Özkan, Cumhurbaşkanı Erdoğan’ın dün açıkladığı salgınla uğraş sürecinde verilecek dayanaklara ait muştuları de tekrarladı.
Terör örgütünün kelamda Suriye genel sorumlusu Sofi Nurettin’in öldürüldüğünü hatırlatan Özkan, bunun millete iyi uğurlu, terörden ve Türkiye düşmanlarından beslenen siyasi işbirlikçilere ise ders olması temennisinde bulundu.
“Gizli anayasa çalışmasını da derhal milletimizle paylaşmaya davet ediyoruz”
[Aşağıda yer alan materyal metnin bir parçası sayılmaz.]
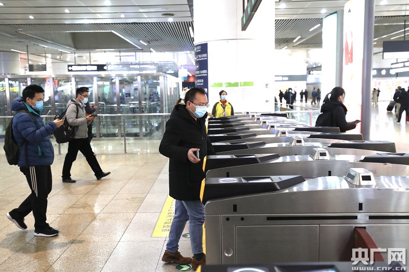 北京南站乘客掃碼出站(央廣網記者 韓靖 攝)

CHP milletvekillerinin “HDP’lilere bakanlık verileceğine” ait telaffuzunun işin bir tarafı olduğunu belirten Özkan, “Diğer taraftaki talepleri de malum olduğu üzere parlamenter sisteme dönüştür. Hem parlamenter sisteme dönüp hem de HDP’ye bakanlık vereceklerini söylemekle aslında şunu söz ediyorlar; parlamenter sistemde Bakanlar Heyeti kararları oy birliğiyle alınıyor. Hem parlamenter sisteme dönecek hem de Bakanlar Şurasını bir arada çalıştıracaksın ve HDP bakanlarını eşit, hatta olmazsa olmaz bir tesir ve yetkiyle donatacaksın. Bu, CHP’nin ‘Kabineyi HDP’nin iki dudağı ortasına teslim edeceğiz.’ açıklamasıdır.” diye konuştu.
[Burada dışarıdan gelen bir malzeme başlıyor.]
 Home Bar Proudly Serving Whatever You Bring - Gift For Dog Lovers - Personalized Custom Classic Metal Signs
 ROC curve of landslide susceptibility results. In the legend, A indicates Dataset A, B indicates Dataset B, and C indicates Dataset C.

Özkan birliğe, barışa ve kardeşlik hukukuna kast edenleri bu emelleri doğrultusunda hür bırakmayacaklarını vurgulayarak, “Milletin egemenlik haklarını hakkıyla koruyan hem Cumhurbaşkanlığı Hükümet Sistemi’nin gerisindeyiz hem de HDP ile CHP’nin, yani FETÖ, PKK ve Kandil’e sırtını dayayanlarla yapmış olduğu bu siyaseti de 2023’te milletimize şikayet ediyoruz. CHP’nin, HDP’nin ve GÜZEL Parti’nin kapalı kapılar ardında yapmış olduğu saklı anayasa çalışmasını da derhal milletimizle paylaşmaya davet ediyoruz.” dedi.
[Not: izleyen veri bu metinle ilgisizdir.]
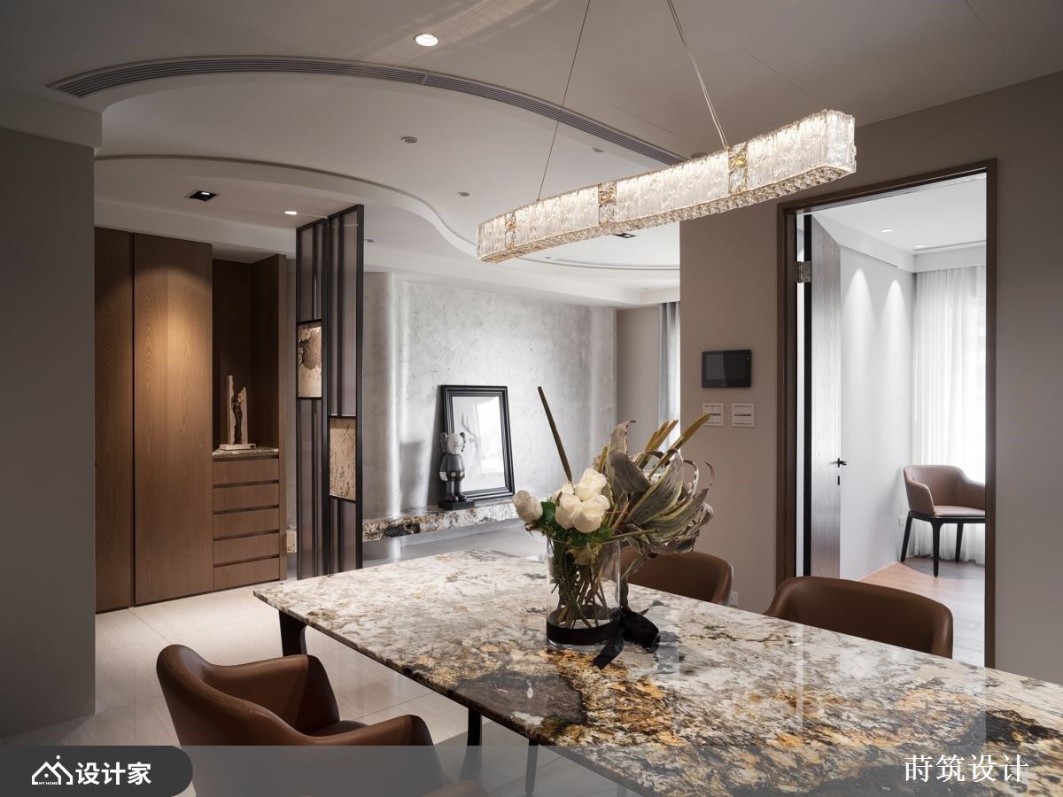 208平米新成屋座落于台中精华地段,大雄室内设计 林政纬设计师拥有能充足阐述建筑与室内的涵构关係的精湛手法,使空间内延续着建筑本身的古典气息,精心妆点室内的每一起居,打造出犹如博物馆般优雅别緻的生活体验。

Eski devlet ve hükümet liderlerinin, “devletin egemenlik haklarını koruduğunu, demokrasi ve anayasal rejimi güçlendirdiğini, kardeşlik hukuku ve barışı ortaya koyacak bir sisteme muhtaçlık olduğunu” belirterek Cumhurbaşkanlığı Hükümet Sistemi’ni tanım ettiklerini anlatan Özkan, bu sistemin milletin kabulüyle hayata geçtiğine işaret etti. Özkan, “Milletimiz kendi cumhurbaşkanını, hükümet liderini seçme hakkına kavuşmuştur. Milletin sahip olduğu bu hakkı, milletten geri almak asla demokratik değildir.” sözlerini kullandı.